Find all solutions to the functional equation $f:\mathbb{R}\rightarrow \mathbb{R}$ $$f(x+f(x))=f(x)+x$$ I have no idea how to solve this. I can substitute $x=0$ to obtain $f(f(0))=f(0)$. But other than that I can't make any progress. There are two obvious solutions, namely $f(x)=x$ and $f(x)=-x$. But are there any other solutions?
Thanks in advance.
There are many many solutions. Let $S\subseteq\mathbb R$ be any nonempty subset satisfying $2S\subseteq S$. Pick any function $g:\mathbb R\setminus S\to S$. Let $$ f(x)=\begin{cases} x&\text{if }x\in S\\ g(x)-x&\text{otherwise.} \end{cases} $$ For each $x\in\mathbb R$ we have $f(x)+x\in S$, so $f(f(x)+x)=f(x)+x$.

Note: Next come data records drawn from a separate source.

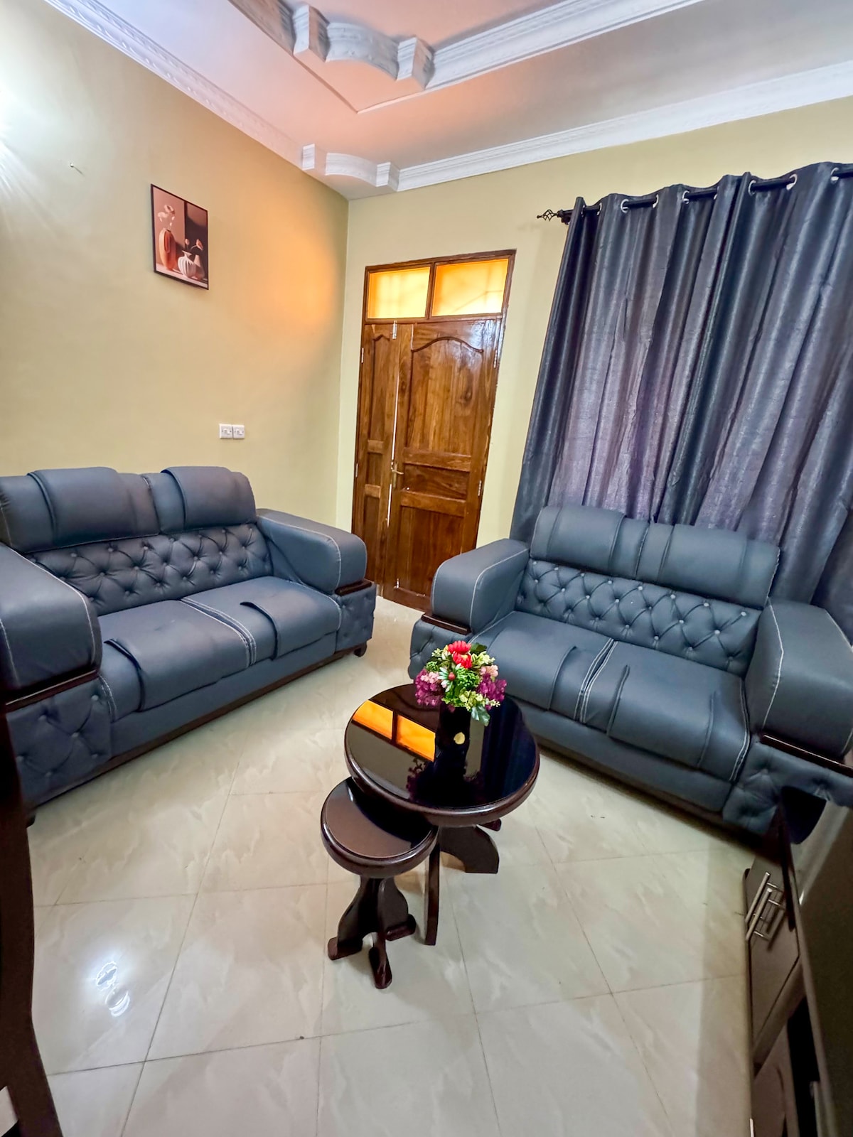 Benvenuto nel nostro appartamento tranquillo, moderno ed elegante situato nella zona di Mlimwa. È un appartamento con due camere da letto, una matrimoniale e una seconda. Dispone di un ampio soggiorno ben arredato, di una cucina e di una zona pranzo. L'appartamento è completamente arredato e dotato di tutti i servizi necessari per rendere il soggiorno confortevole e piacevole. Benvenuto a Dodoma: sentiti come a casa tua. Abbiamo una persona che può fornire il supporto necessario per rendere il tuo soggiorno lontano da casa memorabile e piacevole.
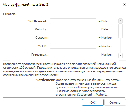 Возвращает продолжительность Маколея для предполагаемой номинальной стоимости 100 рублей.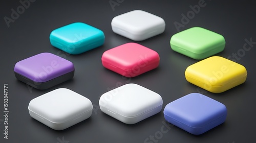 © Kang, Obraz premium Colorful square containers arranged on a dark surface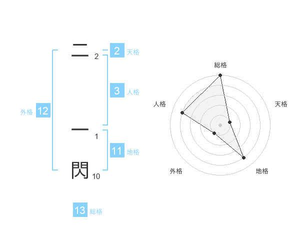 二 一閃さんの外格は12画の1点!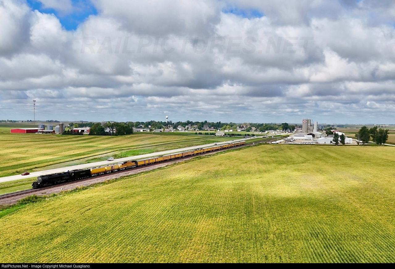 Sometimes a locomotive comes along that is so great and so massive that you have to take to the sky to see it in its full glory. Taken at around 200ft from my drone, we see Big Boy and its magnificent train make its ways eastward towards it's next stop of Grand Mound, Ia through the small Iowa city of Clarence. Fully complemented by the acres of soybeans turning to their fall colors and a small farm, the train is only slightly rivaled by the 250ft tall Purina Feed elevator in the distance. |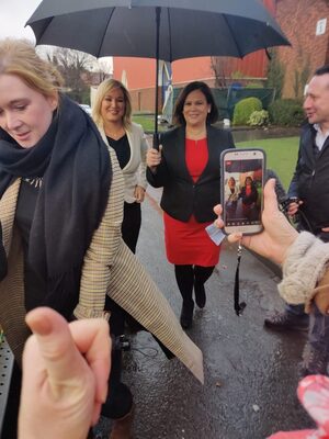 With her party heading for 30-36 seats, Sinn Fein President Mary Lou McDonald (left) with Northern Ireland Deputy First Minister Michelle O’Neill arrives at the Generel Election 2020 greater Dublin count centre.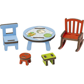 Fikadags hemma hos Bamses farmor! Det här tillbehörssetet till Bamsebyn innehåller ett bord med tryckt duk, två stolar och två pallar. Med det här setet kan barnet bjuda på fika uppe på Höga Berget!

Even if we require $f$ to be continuous, there are as many solutions as continuous functions on $\mathbb R$. Indeed set $S=\{x\in\mathbb R\mid x\geq0\}$ and pick any continuous function $g:\mathbb R\setminus S\to S$ satisfying $\lim_{x\to0^-}g(x)=0$; then construct $f$ as above.
I want to qualify this by saying I know almost nothing about functional equations, but here's a little gimmick I see here:
$ f : \mathbb{R} \mapsto \mathbb{R} $ defined by
$$ f( f(x) + x) = f(x) + x $$
could be thought of a lot more succinctly as a relation showing that
$ f(c) = c $, for all $ c \in \mathbb{R} $, with $ c = f(x) + x $.
If you consider the entire real line as your domain, then $ f(x) $ has to have a "fixed point" at every value $ f(x) + x $ attains. I think it shouldn't be hard to go on and show that there are only two solutions (so I rescind my comment on your original post).
That's also just my take on what the linked post says, but it's a bit more technical and general.
I'm not sure if we can derive all analytic solutions to this functional equation outside of polynomials, but we can prove that in polynomial space the only possibilities are $f(x) = x$ and $f(x) = -x$
First, let's assume that $f(x) = ax + b$. Then, we have:
$f(x + f(x)) = a(x + f(x)) + b = ax + b + af(x) = f(x) + af(x) = (a+1)f(x)$
Therefore, $f(x + f(x)) = x + f(x) = (a + 1)f(x)$, which means that $x = a \cdot f(x)$
Then, $x = a(ax + b)$, and thus $(a^2-1)x + ab = 0$
This gives us a system of equations: $a^2 - 1 =0$ and $ab=0$
From the first one, $a = \pm 1$, which means $a \neq 0$ and this forces $b = 0$; therefore the only linear solutions to the equation are $f(x) = x$ and $f(x) = -x$.
Now, suppose that there are polynomial solutions of degree higher than $1$. This means we can write $f(x) = a_0 + a_1x + a_2x^2 + a_3x^3 + ... a_nx^n$.
Then, $f(x + f(x))$ can be written as $a_0 + a_1(x + f(x)) + a_2(x + f(x))^2 + a_3(x + f(x))^3 + ... a_n(x + f(x))^n$
Now, focus on that last term: $a_n(x + f(x))^n$. The largest term in the polynomial expansion of this term has a degree of $n^2$. However, the degree of $x + f(x)$ is just the degree of $f(x)$, which is $n$; therefore, the only possible solutions happen when these degrees are equal, or simply: $n^2 = n$, which gives the solutions $n = 0$ and $n = 1$, covered by the prior part of this solution. Any degree higher than 1 and we don't have any solutions.
We cannot, unfortunately, expand this idea to cover infinite power series, so I can't provide any other obvious solutions to the equation.